Hi everybody, this is Julien from Arcee. In this video, I would like to show you how to use Amazon Recognition, our image and video analysis service, to build a virtual proctoring application. Proctoring is the act of supervising an online course or an online exam. Given the state of the world today, many of us are working from home, so whether we're students taking online exams or professionals taking online certifications, there's a strong need to verify that the person sitting in front of the webcam is the person who's supposed to be there and that this person is not using a phone, books, or any resources to cheat during the class or the exam. That's the problem we're solving today.

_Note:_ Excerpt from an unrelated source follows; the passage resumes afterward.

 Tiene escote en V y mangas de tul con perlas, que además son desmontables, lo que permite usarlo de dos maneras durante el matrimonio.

Using AWS CloudFormation, we can automatically deploy a virtual proctoring application. This is a web-based application that uses Recognition for face detection, face comparison, object detection, and so on. It uses a number of APIs in Recognition that are invoked by Lambda functions, which are hidden behind APIs in API Gateway.

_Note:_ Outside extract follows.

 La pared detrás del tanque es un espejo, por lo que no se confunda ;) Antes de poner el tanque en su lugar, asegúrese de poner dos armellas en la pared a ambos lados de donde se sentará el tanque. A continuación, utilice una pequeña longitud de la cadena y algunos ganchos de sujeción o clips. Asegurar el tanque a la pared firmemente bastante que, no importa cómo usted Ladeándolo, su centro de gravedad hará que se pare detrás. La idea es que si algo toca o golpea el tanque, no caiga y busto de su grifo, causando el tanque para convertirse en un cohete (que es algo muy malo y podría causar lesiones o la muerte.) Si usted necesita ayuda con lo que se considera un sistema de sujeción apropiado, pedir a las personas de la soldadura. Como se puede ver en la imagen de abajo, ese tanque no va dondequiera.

This is a really fun demo. Let's get started right away. This is our starting point: an AWS samples repository that has everything we need for the demo. We can see the architecture here. It's pretty much what you would expect. We have a browser-based application hosted in S3. This application exposes a number of APIs. There is one for authentication because, as an admin user, you can register new users to the proctoring application. We will see how this works. There's an API that captures frames from your webcam and sends them for analysis to Recognition, and there's the add a new user API. All of these are handled by Lambda, and the actual Recognition work is done by this Lambda function. It will try to detect persons, objects of interest, perform face detection, unsafe content detection, and search for a face in the collection.
Before we do the full setup, let's fire up the CloudFormation template. I'm using the Ireland region here. We have a template, so I can just click on next. I need to enter the email address for the admin. That's the person who will register new students. Then I can keep everything else as is. We have a list of Recognition labels for objects of interest. Let's start with mobile phone and cell phones. I'll show you later how you can update the stack to add new labels, such as books. Just click on next, then next again, and create the stack. Tick those boxes and create the stack. It's going to take just a few minutes. I'll pause the video and we'll meet when the stack is ready.
After a few minutes, the stack is complete, and we can see all the related events here. We created the Lambda functions, API Gateway, and a Cognito user pool for authentication. I also got an automatic email to the admin address I specified. We can grab this temporary password and connect. I should change the password. Now we see the virtual proctoring application. I see myself twice on the screen, but the first thing is to add a new user. I'll add myself and use a screenshot I took previously. This will get added to the Recognition collection of faces. When we start the proctoring application, whoever stands in front of the webcam will be matched against this collection.
We can start the app now. Within a few seconds, we should see some information on the right. Objects of interest: zero. I'm not using a cell phone. Person detection: two. I think it's my painting in the back. Let me remove the painting. Now it's only one. Good job, Recognition. You can even recognize people in paintings. Person recognition is me. Face detection: one. No unsafe content. If I was taking a test, this would be fine. It's only me in front of the screen. I'm not using my cell phone, and there's no one else in the room.
Let's say I want to cheat by calling someone who knows all the answers. It caught me. Cell phone, mobile phone. Whoever's supervising the test now knows I'm cheating. Now let's say I want to cheat with a book. It's not picking it up because it wasn't told to detect books. That's something we need to fix. Now, let's run one more test. What if someone smarter than me tries to take the test? I'll call my son, who's arguably much smarter, to sit in front of the cam. It's one person, but it's not me. Personal recognition is not working here. If I show up now, it detects two persons, which isn't good because I'm supposed to be on my own. Whoever's supervising would ping me on the chat or yell at me that there's someone else in the room.
Now, let's add extra objects to be detected, such as books. We go back to the stack and click on Update. Use the current template and add labels. These would be Recognition labels. If you want to figure out the right labels, take pictures of all the objects you don't want to see during the test and run them through Recognition to understand how they're called. If we go with "book" and "textbook," it should be okay. This will ask the Lambda function to look for additional labels. Just click on next, next, and update the stack. It's going to update the stack, probably redeploy the Lambda function, and I'll see you in a minute.
After a minute or two, the stack has been updated, and we can see the Lambda function has been updated. Going back to the application, we can start it again and try to get a book. I'm cheating. Remove the book. Let's look at another book. I'm definitely cheating. It's really easy to update this by redeploying the function that detects the objects. If you want to add more labels, that's all you need to know.